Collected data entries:
┏━━
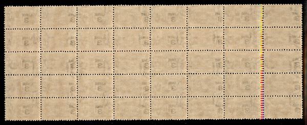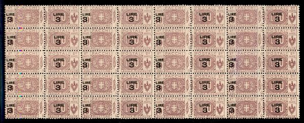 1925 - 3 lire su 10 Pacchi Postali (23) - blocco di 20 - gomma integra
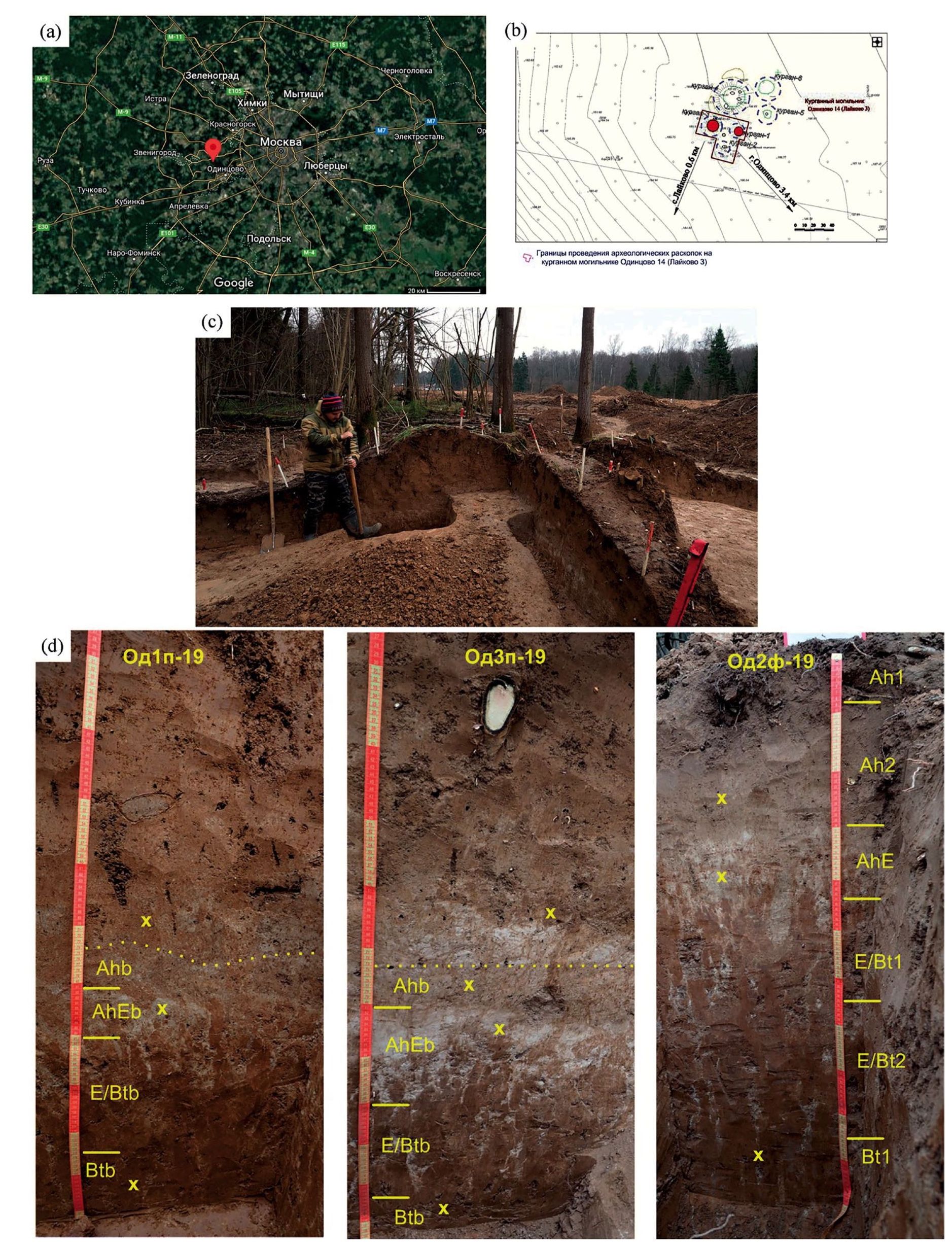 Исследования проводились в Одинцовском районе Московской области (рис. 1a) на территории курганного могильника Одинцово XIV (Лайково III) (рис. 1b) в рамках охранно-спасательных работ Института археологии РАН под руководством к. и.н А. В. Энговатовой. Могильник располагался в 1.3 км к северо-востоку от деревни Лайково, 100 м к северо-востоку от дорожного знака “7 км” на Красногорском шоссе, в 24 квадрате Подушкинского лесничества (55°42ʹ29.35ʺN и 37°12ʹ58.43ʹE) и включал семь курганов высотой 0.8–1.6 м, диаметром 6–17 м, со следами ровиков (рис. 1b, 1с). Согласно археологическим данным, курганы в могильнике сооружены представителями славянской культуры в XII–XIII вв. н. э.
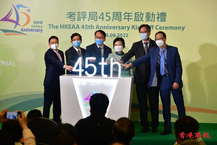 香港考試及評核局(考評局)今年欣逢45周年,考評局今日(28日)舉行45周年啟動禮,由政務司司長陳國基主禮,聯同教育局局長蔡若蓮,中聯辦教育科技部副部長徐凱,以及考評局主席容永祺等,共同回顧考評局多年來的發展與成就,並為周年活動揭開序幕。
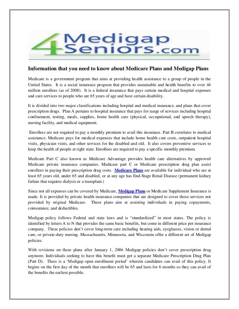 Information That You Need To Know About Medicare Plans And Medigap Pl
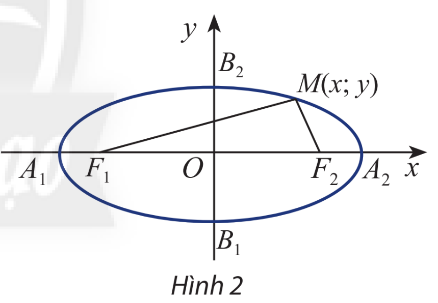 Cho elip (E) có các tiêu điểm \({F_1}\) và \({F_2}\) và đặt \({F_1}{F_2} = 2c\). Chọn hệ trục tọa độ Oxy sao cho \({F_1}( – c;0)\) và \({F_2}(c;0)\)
┗━━
┏━━
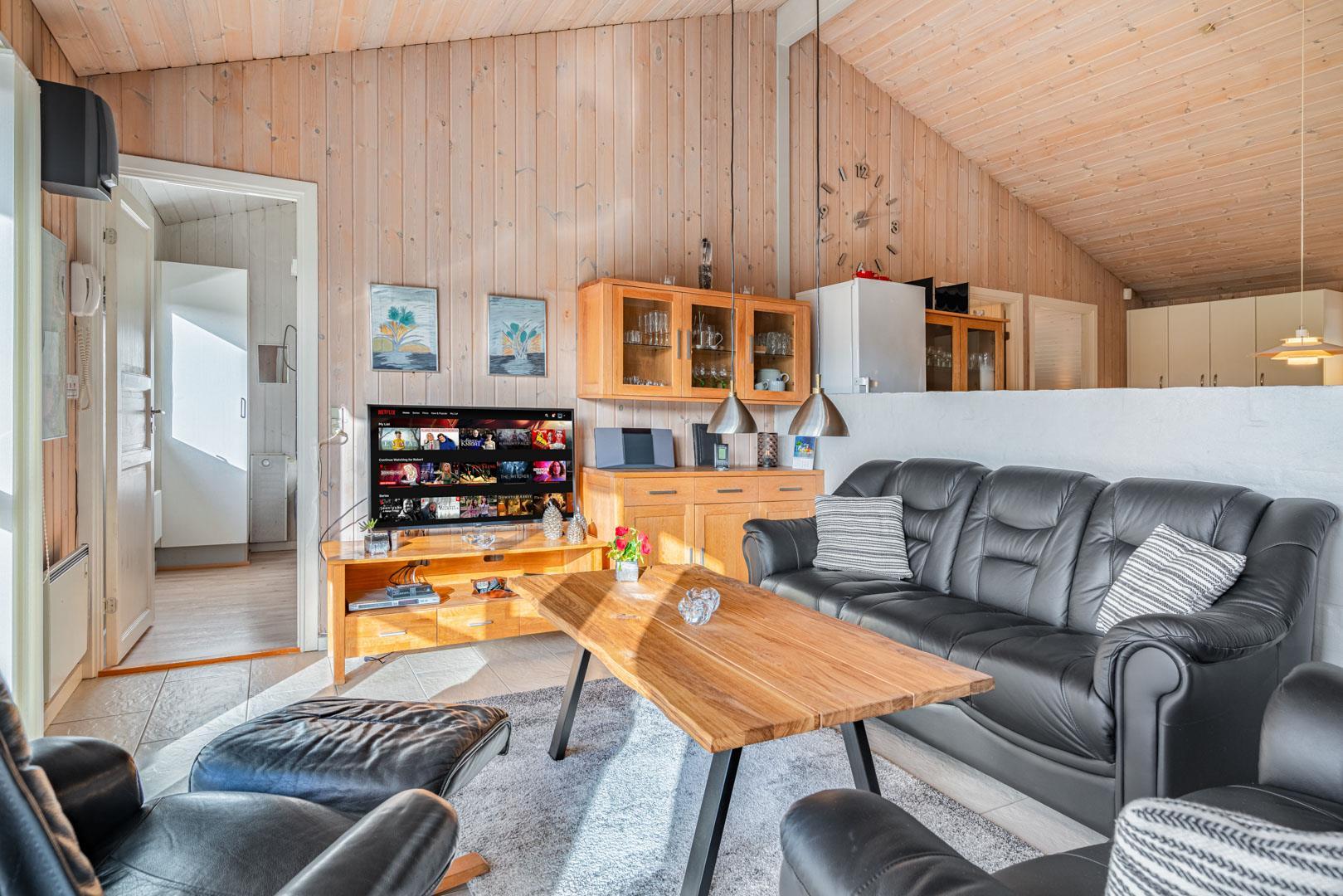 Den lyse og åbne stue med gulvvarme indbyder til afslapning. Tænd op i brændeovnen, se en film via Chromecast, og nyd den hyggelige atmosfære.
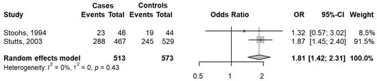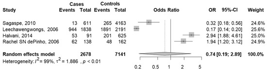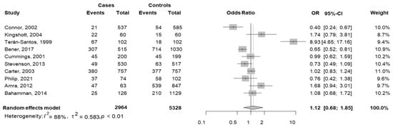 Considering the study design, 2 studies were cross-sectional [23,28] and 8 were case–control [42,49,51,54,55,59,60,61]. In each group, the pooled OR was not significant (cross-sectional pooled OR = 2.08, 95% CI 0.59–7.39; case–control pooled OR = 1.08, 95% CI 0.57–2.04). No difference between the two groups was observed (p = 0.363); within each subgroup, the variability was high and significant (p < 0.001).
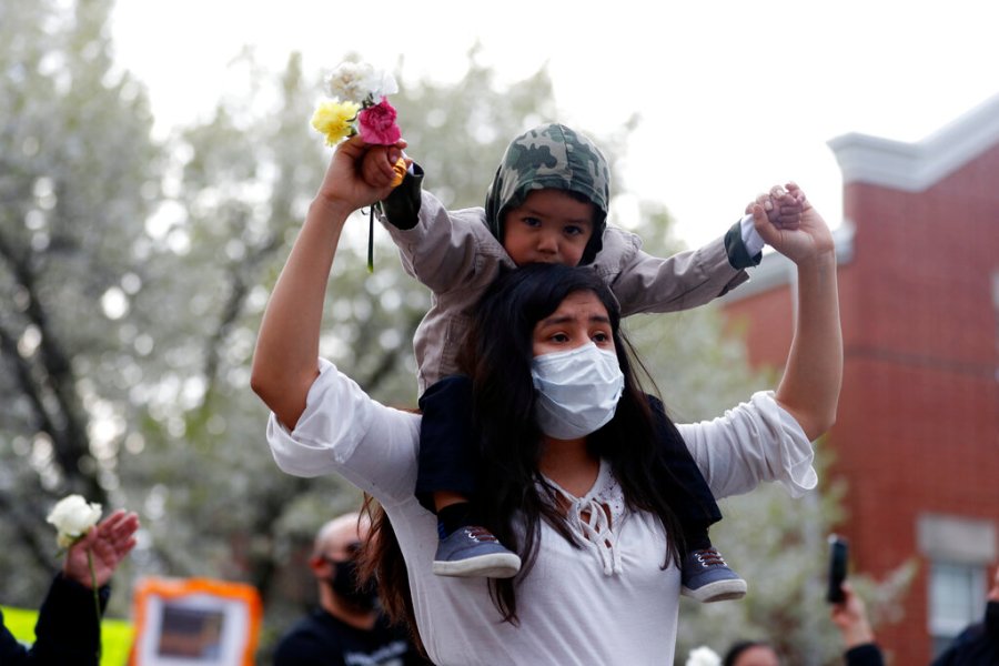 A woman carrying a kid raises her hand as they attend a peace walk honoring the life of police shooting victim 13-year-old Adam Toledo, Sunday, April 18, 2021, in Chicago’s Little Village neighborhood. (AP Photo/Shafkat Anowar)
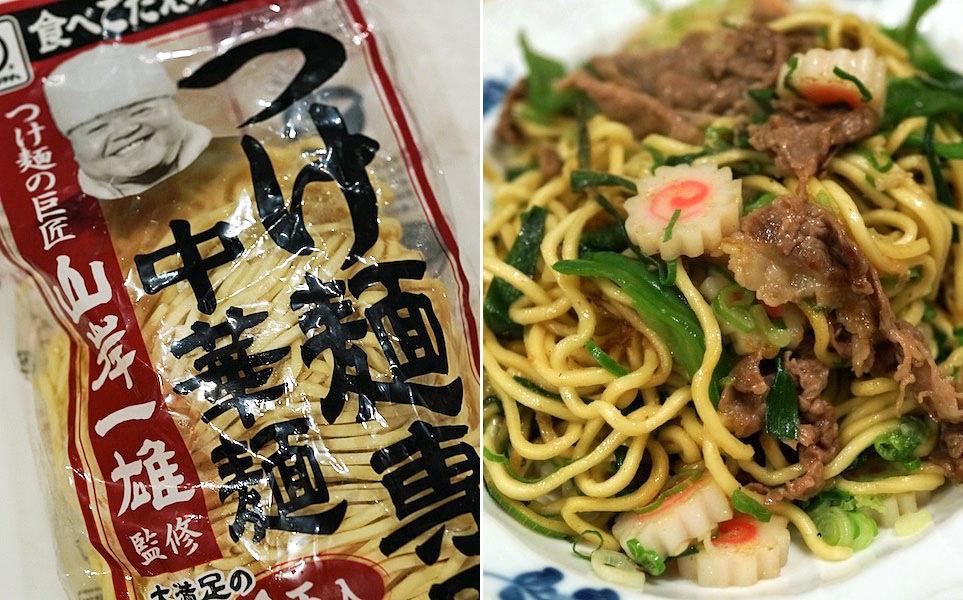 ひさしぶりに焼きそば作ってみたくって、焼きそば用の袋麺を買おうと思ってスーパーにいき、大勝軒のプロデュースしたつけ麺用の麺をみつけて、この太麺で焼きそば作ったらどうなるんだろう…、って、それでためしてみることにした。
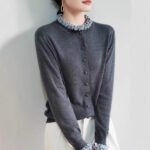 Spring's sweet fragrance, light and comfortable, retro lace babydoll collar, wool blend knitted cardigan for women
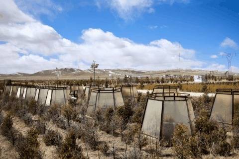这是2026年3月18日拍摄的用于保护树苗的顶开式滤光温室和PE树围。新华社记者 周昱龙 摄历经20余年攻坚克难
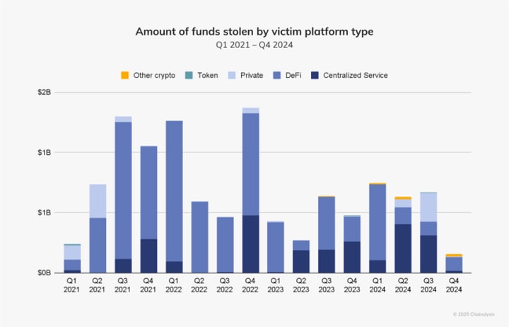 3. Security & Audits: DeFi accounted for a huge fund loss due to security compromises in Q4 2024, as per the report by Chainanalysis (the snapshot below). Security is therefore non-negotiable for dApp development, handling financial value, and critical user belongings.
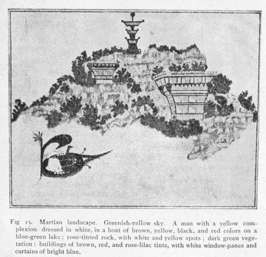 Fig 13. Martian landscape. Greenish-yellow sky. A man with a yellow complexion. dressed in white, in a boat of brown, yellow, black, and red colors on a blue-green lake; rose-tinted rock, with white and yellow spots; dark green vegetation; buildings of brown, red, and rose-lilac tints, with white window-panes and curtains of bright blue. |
┗━━
*WHAT YOU NEED TO DO:*
From the records above, extract the lines from the one holding "3. Security &" through the one holding "Fig 13. Martian", word for word; omit the pictures.

*WRITTEN SOLUTION:*
 3. Security & Audits: DeFi accounted for a huge fund loss due to security compromises in Q4 2024, as per the report by Chainanalysis (the snapshot below). Security is therefore non-negotiable for dApp development, handling financial value, and critical user belongings.
 Fig 13. Martian landscape. Greenish-yellow sky. A man with a yellow complexion. dressed in white, in a boat of brown, yellow, black, and red colors on a blue-green lake; rose-tinted rock, with white and yellow spots; dark green vegetation; buildings of brown, red, and rose-lilac tints, with white window-panes and curtains of bright blue. |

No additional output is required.